- **THE TASK**
The entries are to be repeated exactly, with all pictures omitted.
═════ RECORDS SHOWN ═════
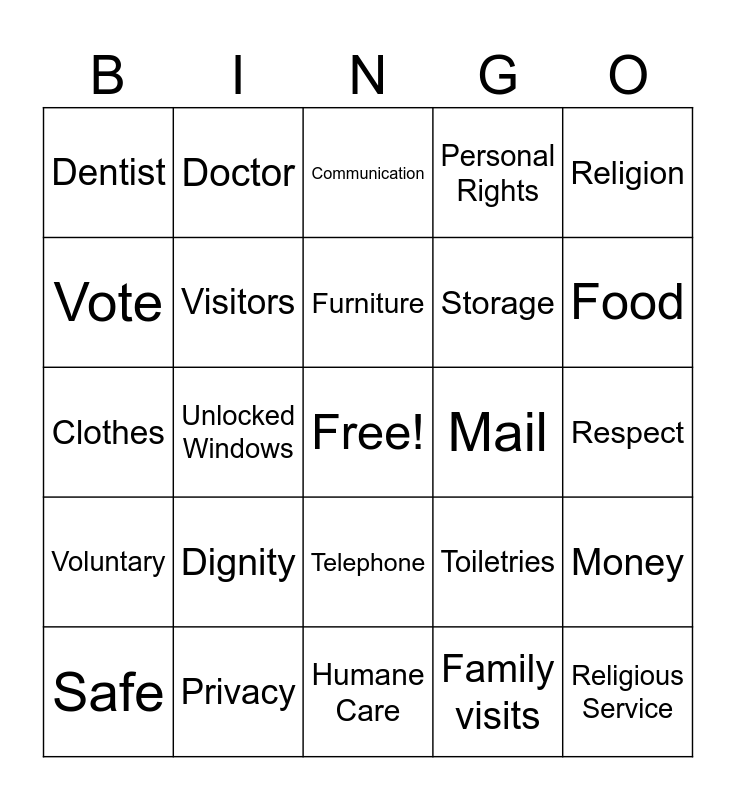 This bingo card has a free space and 24 words: Dignity, Privacy, Furniture, Safe, Religion, Dentist, Vote, Doctor, Mail, Telephone, Storage, Clothes, Toiletries, Money, Visitors, Family visits, Respect, Communication, Food, Unlocked Windows, Religious Service, Voluntary, Personal Rights and Humane Care.
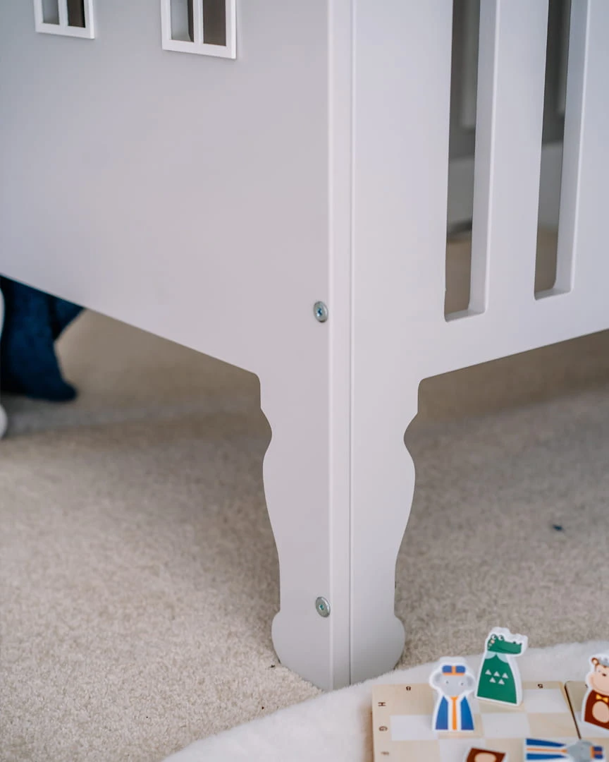 Łóżeczko domek posiada trzystopniową regulację wysokości położenia materaca, która pozwala na odpowiednie jej dopasowanie do wieku dziecka i etapów rozwoju. Najwyższe ułożenie materaca przeznaczone jest dla maluszków "leżących", środkowe - dla dzieci, które potrafią już siedzieć, ale jeszcze nie wstawać i najniższe - dla wszystkich dzieciaków, które opanowały sztukę wstawania. Z myślą o starszych dzieciach, łóżeczko wyposażono w zdejmowane szczebelki ułatwiające wchodzenie i wychodzenie z niego.
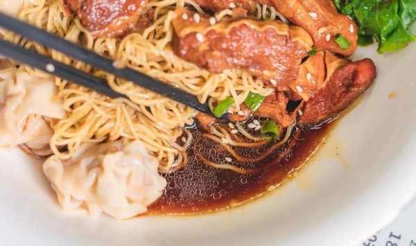 與牛腩相比,雲吞可能稍顯遜色,但也不過不失,爽勁的雲吞皮裡面包裹著醇香的豬肉餡,一口一個也過癮!
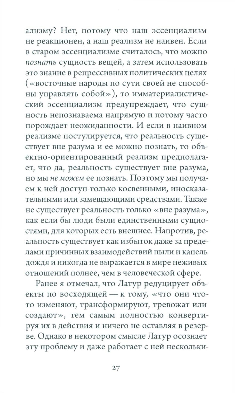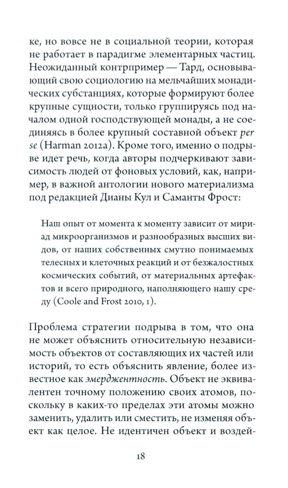 Из каких объектов состоит социальный мир и как их следует познавать? В этой книге Грэм Харман, создатель объектно-ориентированной философии, предлагает дальнейшее развитие своего подхода, чтобы прояснить природу и статус объектов социальной жизни. Его концептуальными противниками выступают акторно-сетевая теория Бруно Латура и новый материализм, в противовес которым он разрабатывает имматериалистическую социальную теорию. Центральной новацией имматериализма становится идея симбиоза, заимствованная у биолога Линн Маргулис. Аргументированное обсуждение стратегий познания объекта Харман дополняет обстоятельным анализом истории Голландской Ост-Индской компании как жизни объекта, проходящей через серию симбиозов. Книга адресована всем, кто интересуется актуальными дискуссиями в философии, социальной и культурной теории.| Издательство | Изд. Института Гайдара |
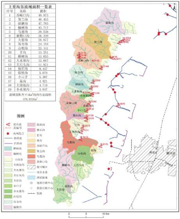 图10-2 银川市西部泥石流、洪水沟谷及其防治体系分布图
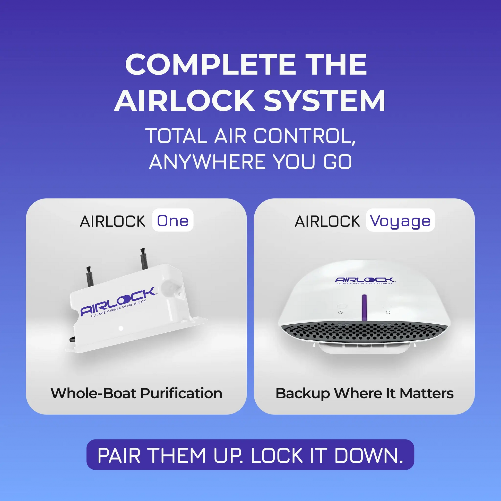 While AIRLOCK One works along your AC system for full, powerful coverage, AIRLOCK Voyage adds real-time, localized odor control for tight spaces or off-season use.
═════
- **YOUR RESPONSE**
 This bingo card has a free space and 24 words: Dignity, Privacy, Furniture, Safe, Religion, Dentist, Vote, Doctor, Mail, Telephone, Storage, Clothes, Toiletries, Money, Visitors, Family visits, Respect, Communication, Food, Unlocked Windows, Religious Service, Voluntary, Personal Rights and Humane Care.
 Łóżeczko domek posiada trzystopniową regulację wysokości położenia materaca, która pozwala na odpowiednie jej dopasowanie do wieku dziecka i etapów rozwoju. Najwyższe ułożenie materaca przeznaczone jest dla maluszków "leżących", środkowe - dla dzieci, które potrafią już siedzieć, ale jeszcze nie wstawać i najniższe - dla wszystkich dzieciaków, które opanowały sztukę wstawania. Z myślą o starszych dzieciach, łóżeczko wyposażono w zdejmowane szczebelki ułatwiające wchodzenie i wychodzenie z niego.
 與牛腩相比,雲吞可能稍顯遜色,但也不過不失,爽勁的雲吞皮裡面包裹著醇香的豬肉餡,一口一個也過癮!
 Из каких объектов состоит социальный мир и как их следует познавать? В этой книге Грэм Харман, создатель объектно-ориентированной философии, предлагает дальнейшее развитие своего подхода, чтобы прояснить природу и статус объектов социальной жизни. Его концептуальными противниками выступают акторно-сетевая теория Бруно Латура и новый материализм, в противовес которым он разрабатывает имматериалистическую социальную теорию. Центральной новацией имматериализма становится идея симбиоза, заимствованная у биолога Линн Маргулис. Аргументированное обсуждение стратегий познания объекта Харман дополняет обстоятельным анализом истории Голландской Ост-Индской компании как жизни объекта, проходящей через серию симбиозов. Книга адресована всем, кто интересуется актуальными дискуссиями в философии, социальной и культурной теории.| Издательство | Изд. Института Гайдара |
 图10-2 银川市西部泥石流、洪水沟谷及其防治体系分布图
 While AIRLOCK One works along your AC system for full, powerful coverage, AIRLOCK Voyage adds real-time, localized odor control for tight spaces or off-season use.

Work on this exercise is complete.